**ACTIVITY:** Among the entries below, retype exactly the lines starting with the one with "Дуже красиве плаття" and going on through the one with "Within the fifth", but not the pictures.

**TASK MATERIAL:**
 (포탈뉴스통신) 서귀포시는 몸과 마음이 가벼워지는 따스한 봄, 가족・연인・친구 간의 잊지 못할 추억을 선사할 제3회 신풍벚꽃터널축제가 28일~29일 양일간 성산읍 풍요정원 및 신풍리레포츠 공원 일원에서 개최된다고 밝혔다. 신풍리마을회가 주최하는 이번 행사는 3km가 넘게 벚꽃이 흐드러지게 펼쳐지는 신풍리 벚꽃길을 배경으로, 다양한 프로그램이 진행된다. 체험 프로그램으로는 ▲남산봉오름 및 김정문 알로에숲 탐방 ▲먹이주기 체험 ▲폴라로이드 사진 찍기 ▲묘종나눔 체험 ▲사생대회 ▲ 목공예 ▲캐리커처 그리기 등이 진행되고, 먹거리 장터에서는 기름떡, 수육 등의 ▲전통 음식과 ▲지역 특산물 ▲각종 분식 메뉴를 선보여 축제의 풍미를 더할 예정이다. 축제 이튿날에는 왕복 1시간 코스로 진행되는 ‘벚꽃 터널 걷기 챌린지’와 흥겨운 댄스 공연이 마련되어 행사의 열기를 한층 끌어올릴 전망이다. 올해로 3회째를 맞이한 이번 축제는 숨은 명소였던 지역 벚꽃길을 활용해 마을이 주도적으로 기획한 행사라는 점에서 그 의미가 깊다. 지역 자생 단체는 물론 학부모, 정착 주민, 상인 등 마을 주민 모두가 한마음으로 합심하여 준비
--
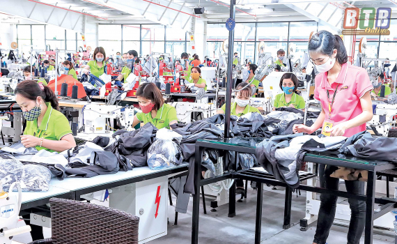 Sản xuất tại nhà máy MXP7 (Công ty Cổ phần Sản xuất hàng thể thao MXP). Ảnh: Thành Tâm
---
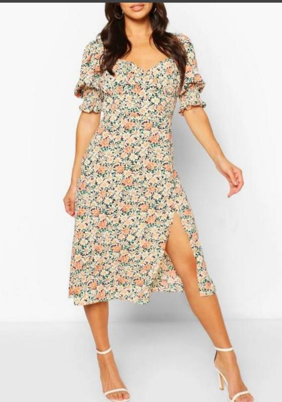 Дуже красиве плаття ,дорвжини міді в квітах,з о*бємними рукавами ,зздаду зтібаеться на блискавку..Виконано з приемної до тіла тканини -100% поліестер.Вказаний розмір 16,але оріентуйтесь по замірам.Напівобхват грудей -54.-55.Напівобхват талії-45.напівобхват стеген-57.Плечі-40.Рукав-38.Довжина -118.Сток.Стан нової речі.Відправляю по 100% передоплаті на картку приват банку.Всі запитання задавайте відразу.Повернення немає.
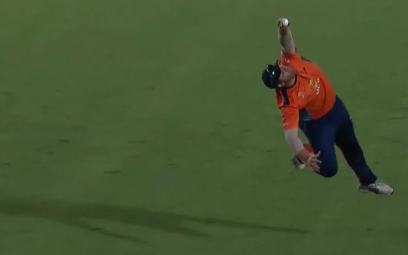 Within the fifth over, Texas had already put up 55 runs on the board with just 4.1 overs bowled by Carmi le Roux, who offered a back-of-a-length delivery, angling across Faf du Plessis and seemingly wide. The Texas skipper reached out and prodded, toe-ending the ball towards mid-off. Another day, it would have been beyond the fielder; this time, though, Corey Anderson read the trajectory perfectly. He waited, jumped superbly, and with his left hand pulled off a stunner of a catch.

**RESULT:**
 Дуже красиве плаття ,дорвжини міді в квітах,з о*бємними рукавами ,зздаду зтібаеться на блискавку..Виконано з приемної до тіла тканини -100% поліестер.Вказаний розмір 16,але оріентуйтесь по замірам.Напівобхват грудей -54.-55.Напівобхват талії-45.напівобхват стеген-57.Плечі-40.Рукав-38.Довжина -118.Сток.Стан нової речі.Відправляю по 100% передоплаті на картку приват банку.Всі запитання задавайте відразу.Повернення немає.
 Within the fifth over, Texas had already put up 55 runs on the board with just 4.1 overs bowled by Carmi le Roux, who offered a back-of-a-length delivery, angling across Faf du Plessis and seemingly wide. The Texas skipper reached out and prodded, toe-ending the ball towards mid-off. Another day, it would have been beyond the fielder; this time, though, Corey Anderson read the trajectory perfectly. He waited, jumped superbly, and with his left hand pulled off a stunner of a catch.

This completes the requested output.